Rodada 1 BR-11 – Sabadão do Ronaldinho Gaúcho

domingo, 22 de maio de 2011

 

* Ronaldinho Gaúcho voltar a jogar bem não chega a ser uma novidade, nem manchete. Mas foi quase o fim do mundo a ótima primeira etapa de Egídio contra o mistão catarinense, no largo FLAMENGO 4 X 0 ÁVAÍ, em Macaé. Mérito rubro-negro que se aproveitou de um time desfalcado e desfocado na estreia do BR-11.

* Bottinelli foi outro que jogou direitinho, fez o primeiro gol oficial pelo Flamengo, e deu ritmo a um meio-campo que nem precisou do melhor Thiago Neves para golear no contragolpe. Resultado nada bom para o Avaí que sonha com os olhos abertos na Copa do Brasil, mas que precisa estar muito esperto no Brasileirão.

* Toró fez um e perdeu outro ainda mais fácil. Magno Alves fez dois, e poderia ter feito muito mais. No ATLÉTICO MINEIRO 3 X 0 ATLÉTICO PARANAENSE, em Sete Lagoas, o time de Dorival Júnior foi eficiente e muito mais rápido que o lento e arrastado Furacão, que adotou um esquema muito precavido na primeira etapa, com muita gente marcando, e ninguém que soubesse compor o ataque.
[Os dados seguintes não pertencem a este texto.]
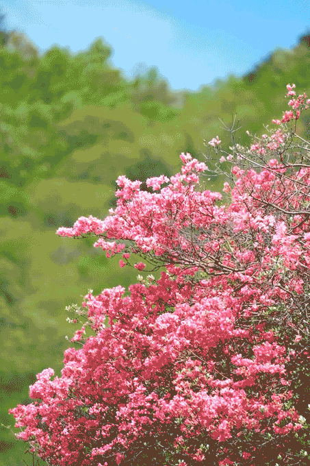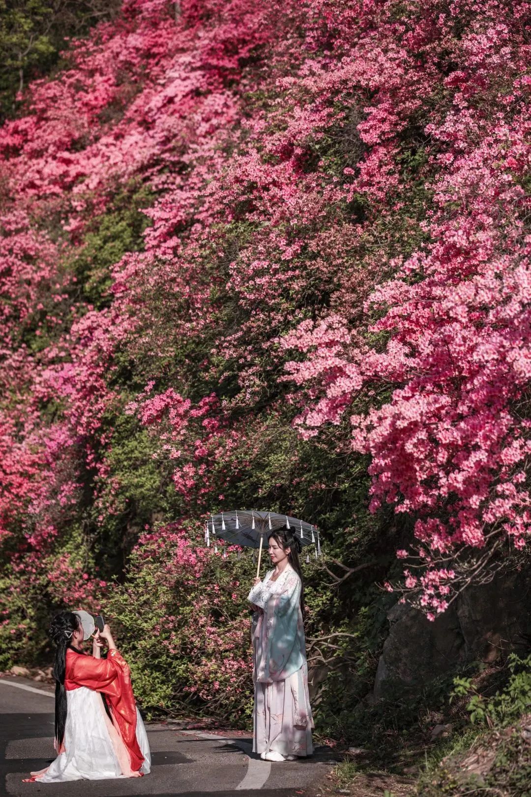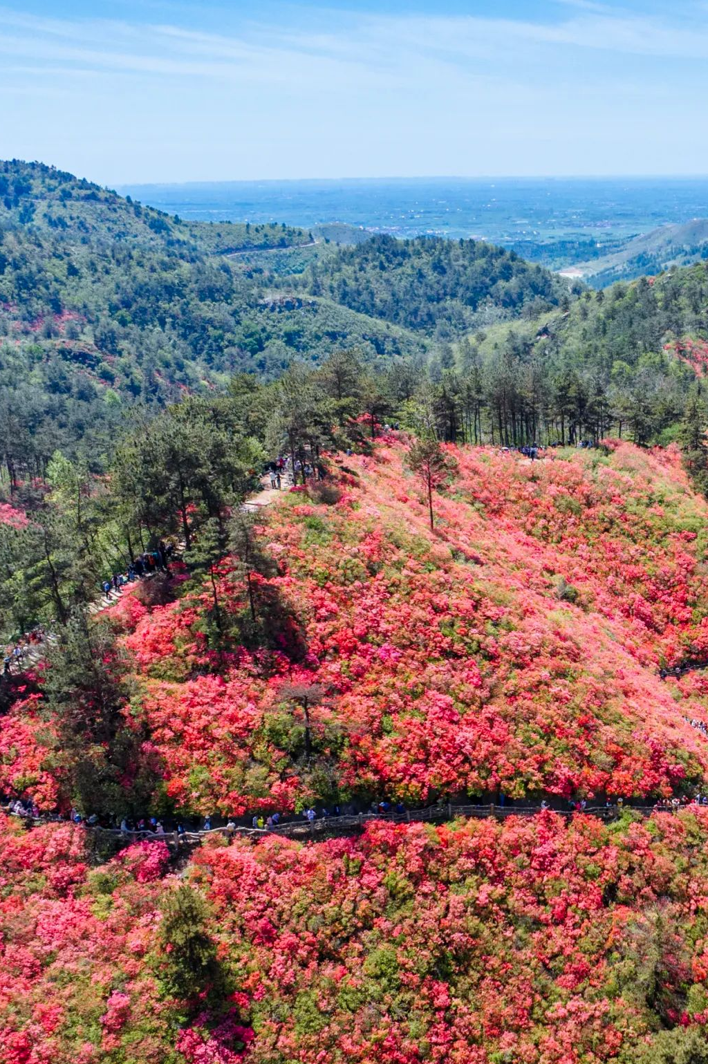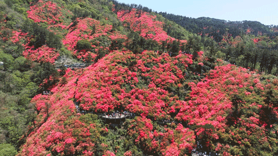 武漢市文化和旅游局,贊1165“人間仙境云霧山,層巒疊嶂映紅天”,木蘭云霧山的杜鵑花以映山紅為主,從3月中旬開始,萬畝野生紅杜鵑競相綻放,春風吹過,此起彼伏,如霞似火,嫣然一片杜鵑花的海洋。
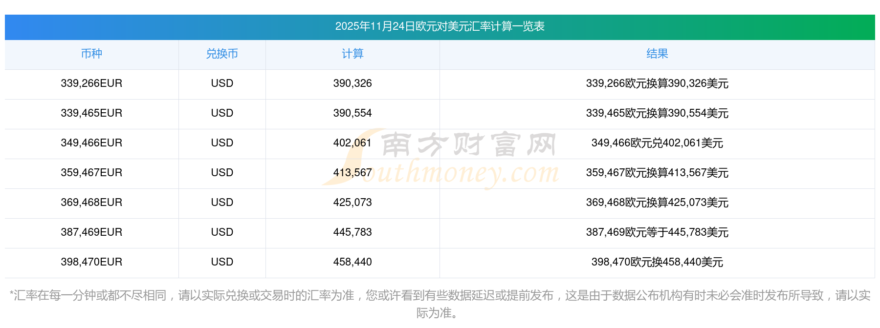 現(xiàn)在1歐元與美元的匯率是多少?2025年11月24日
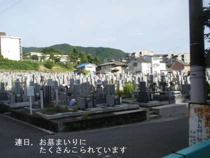 学校はお盆休みに入っていますが,学校東側に隣接している墓地は大賑わい??です。
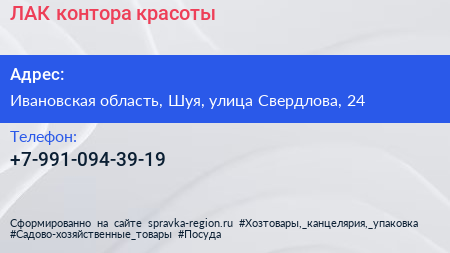 ЛАК, контора красоты по адресу Ивановская область, Шуя, улица Свердлова, 24 в дальнейшем Организация, размещена в следующих категориях:
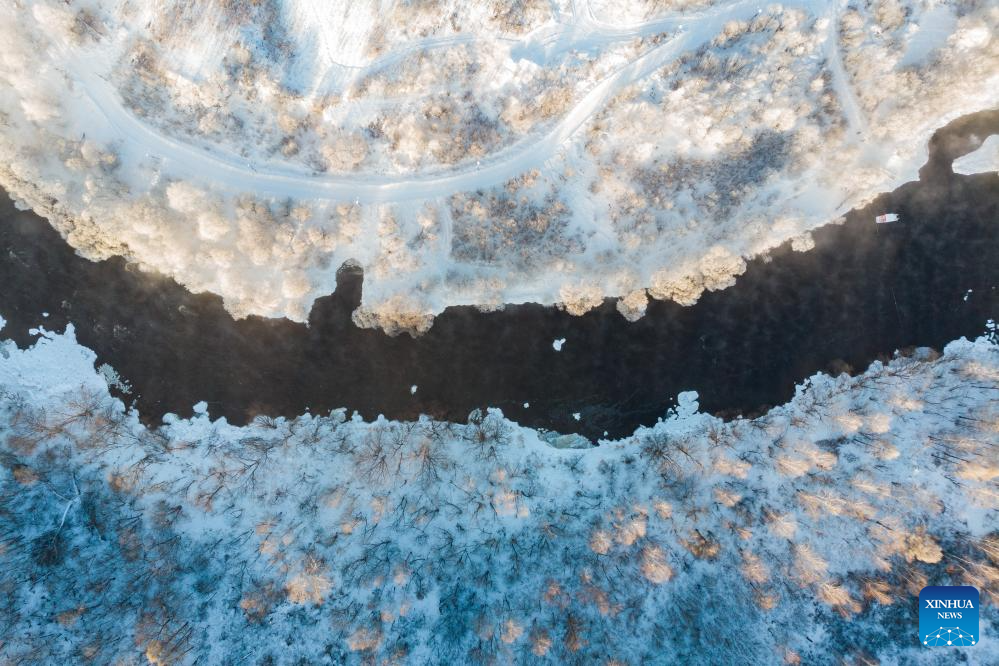 An aerial drone photo taken on Feb. 2, 2024 shows the rime scenery along the Kurbin River near Pingtai Village in Xunke County of Heihe, northeast China's Heilongjiang Province. (Xinhua/Xie Jianfei)
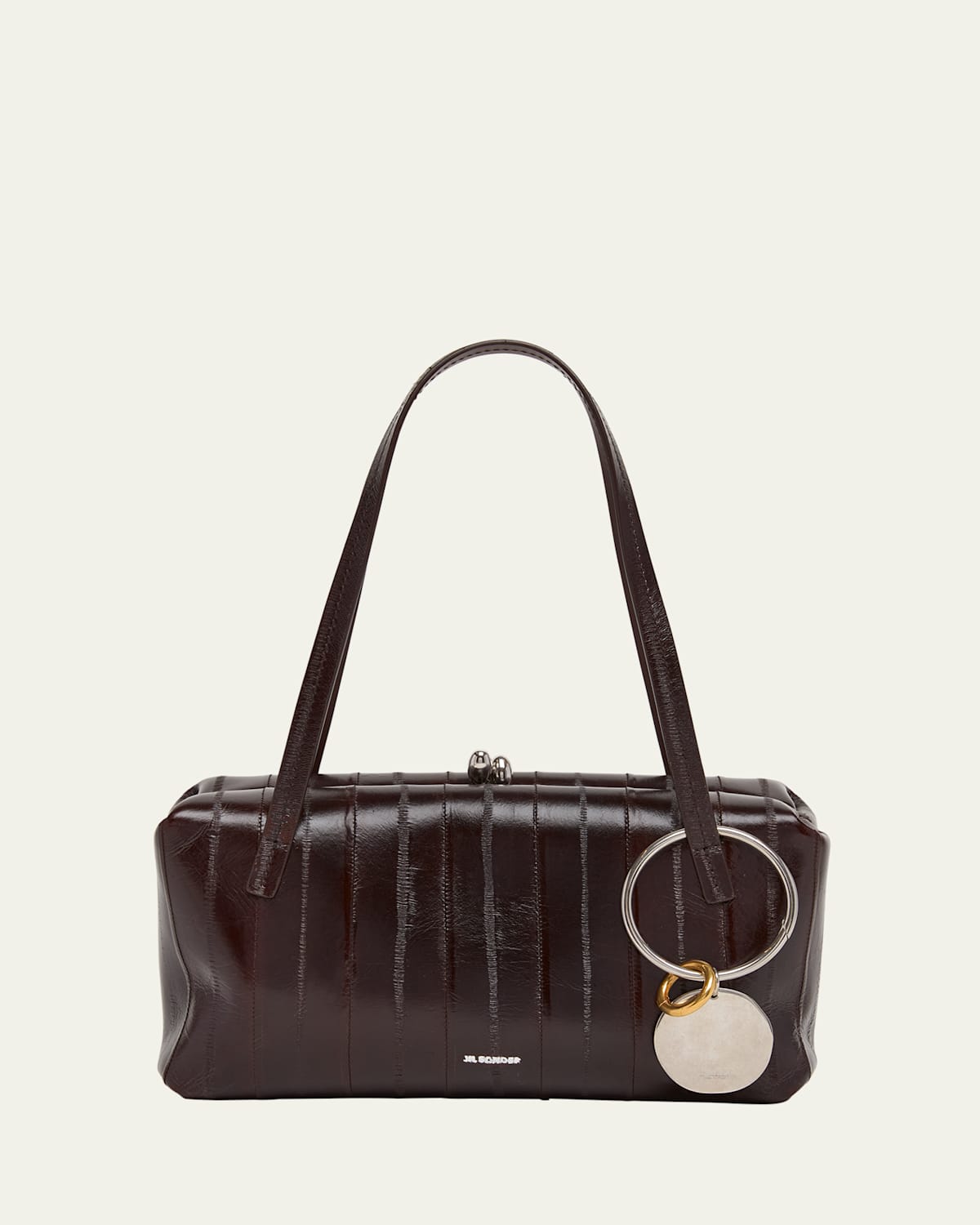 Designed in luxurious eel leather, this Jil Sander "Goji" shoulder bag features a puffy silhouette and detachable medallion charm for a bright accent Flat shoulder straps Framed top with kisslock closure Interior, one slip pocket Lining: Leather Approx. 6.5"H x 10"W x 4"D Professional cleaning recommended Made in Italy
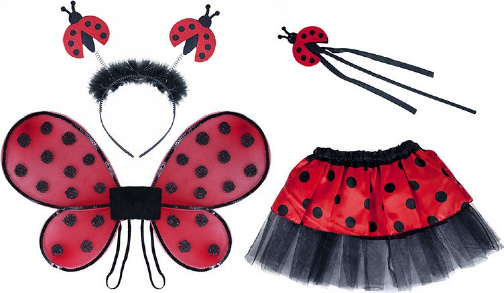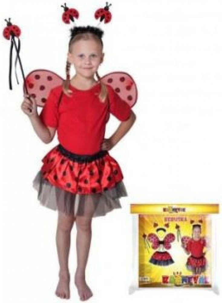 Roztomilý karnevalový kostým s motivem berušky je určen pro holčičky ve věkovém rozmezí 3-10 let. Tento kostýmek má červenou sukničku s puntíky, která je doplněna černou tylovou spodničkou. Dále obsah
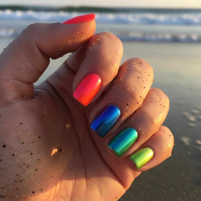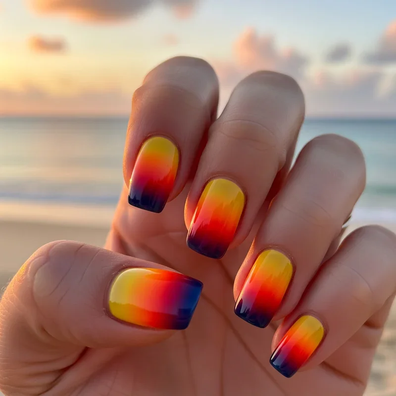 Who doesn't love watching the sun dip below the horizon at the beach? Capture that magical moment on your nails with a stunning sunset gradient. Begin with a bright yellow at the cuticle, blending into vibrant orange, then deep pink, and finally purple at the tips. Use a makeup sponge for seamless color transitions that mirror nature's artistry. Add silhouettes of palm trees or birds for extra tropical flair. This design transforms your nails into mini masterpieces celebrating those golden hour moments. The warm color palette complements sun-kissed skin beautifully, making it perfect for beach vacations or summer festivities. Each glance at your nails will remind you of those breathtaking beach sunsets.
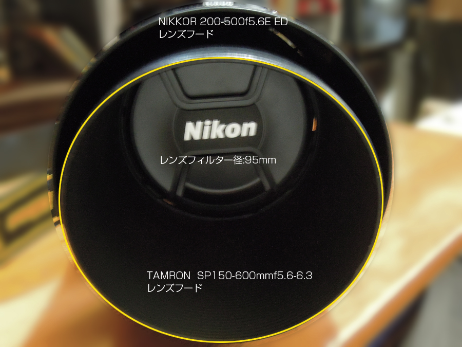 右の画像はニコンの200-500mmレンズのフード部分にタムロンの150-600mm(A011)のフードと入れてみた写真です。フィルター径はともに95mmですがニコンは広角側が狭いのに関わらず、かなり大きくすっぽり入ってしまいました。
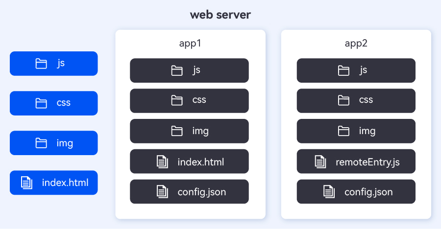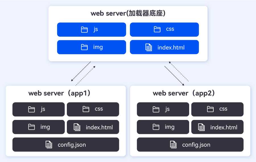 微前端的部署有兩種形式,一種是將所有微應(yīng)用的資源與底座加載器合并成一個文件夾,進行合并部署,只提供一個Web服務(wù);另一種則是將底座和微應(yīng)用分開部署,每個微應(yīng)用都提供單獨的Web服務(wù)。
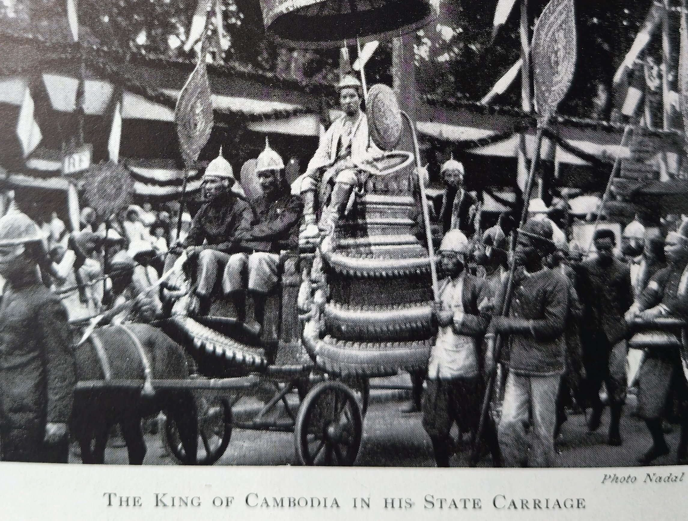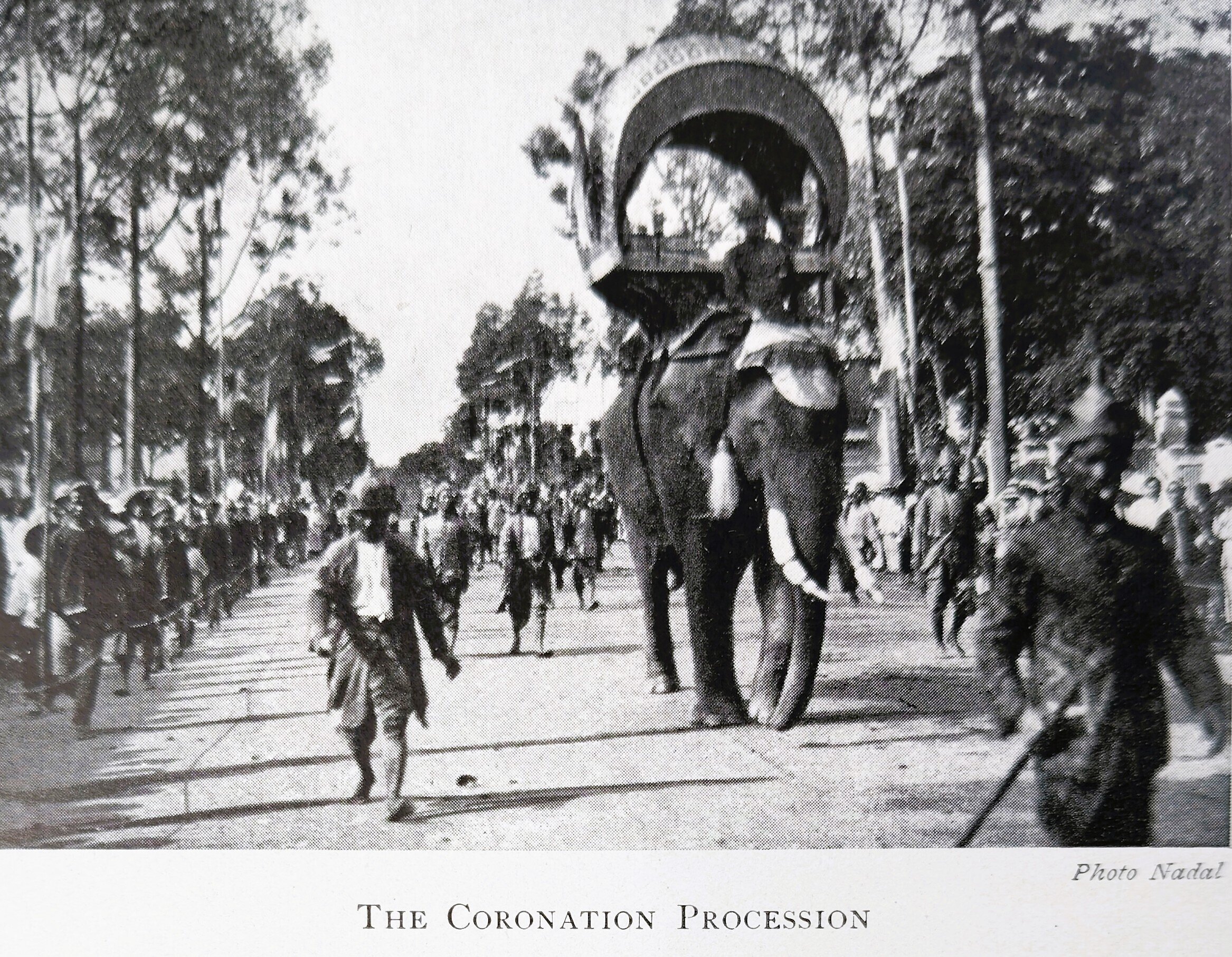 At the gateway of the Residency, with its guards of troops and sailors, the King mounted a State elephant, taking his seat in a domed howdah of much magnificence, and returned to the Palace. It was, indeed, a wonderful procession, a mixture of Oriental splendour and Oriental untidiness, with its flags and banners and religious emblems, its gorgeously attired courtiers seated cross-legged on their gilded palanquins in the shade of flat parasols of every size and colour held over them by their attendants; its antique little cannon on rough wooden carriages, pulled along at the end of long ropes; its long line of elephants amongst them the sacred white one-with gay howdahs and many-coloured trappings; its host of Palace servants, some in new silks and satins, others almost in rags, and most of them smoking; its Chinese and Indian delegations; its priests in yellow robes, and its soldiers and policemen in uniform, and its bands of music with every imaginable kind of instrument and all pro-ceeding with very little attempt at order, a leisurely throng sauntering through the streets, chatting pleasantly as they went as though unconscious of the crowd of admiring native men and women, and of the open-eyed, happy, thrilled children that lined the roadways. And from the howdah of his elephant the good-natured King smiled and waved his cigarette in answer to the people’s acclamations‑a small, dark figure wrapped in gold brocade. The greatness of the Cambodian race may have departed, but they still know how to crown a King in Phnom-Penh. [p 306 – 13].

* O Galo vai se ajeitando a partir da juventude de gente como Fillipe Soutto e Giovanni Augusto no meio-campo. O Furacão não vai se organizando com gente que não dá velocidade ao jogo na intemediária, ainda que tenha história e qualidade.

* SANTOS 1 X 1 INTERNACIONAL. Clássico que pode decidir o BR-11. Dois dos três melhores times do país. Candidatos ao título nacional. Atual campeão da Libertadores contra o provável futuro vencedor. Até por isso com 11 reservas. Que se esforçaram e atrapalharam a vida do campeão gaúcho. Que também pouco jogou, ainda que quase completo, na Vila Belmiro.

* Em respeito ao que fizeram e que deverão fazer no BR-11, fico por aqui. Lamentando nosso calendário que leva um jogo que pode decidir o campeonato a ter um um dos favoritos com apenas reservas contra outro candidato ao título; e, ainda mais, o número de casais que serão desfeitos e/ou terão crises pelo horário de 21h aos sábados.

* O mesmo vale para o Presidente Vargas, CEARÁ 1 X 3 VASCO. As duas equipes decidem se poderão fazer mais dois jogos na decisão da Copa do Brasil no meio de semana. Por isso tiraram o pé do acelerador e os melhores times de campo. Mas quem teve Bernardo, fundamental no arranque vascaíno no meio da temporada, teve muito mais, no Ceará.

* O resultado, conquistado de virada, recupera o time paar a duríssima tarefa da Ressacada. Ainda acho que está mais para o Vasco que para o Avaí. Como parece estar mais para o Coritiba que para o Ceará.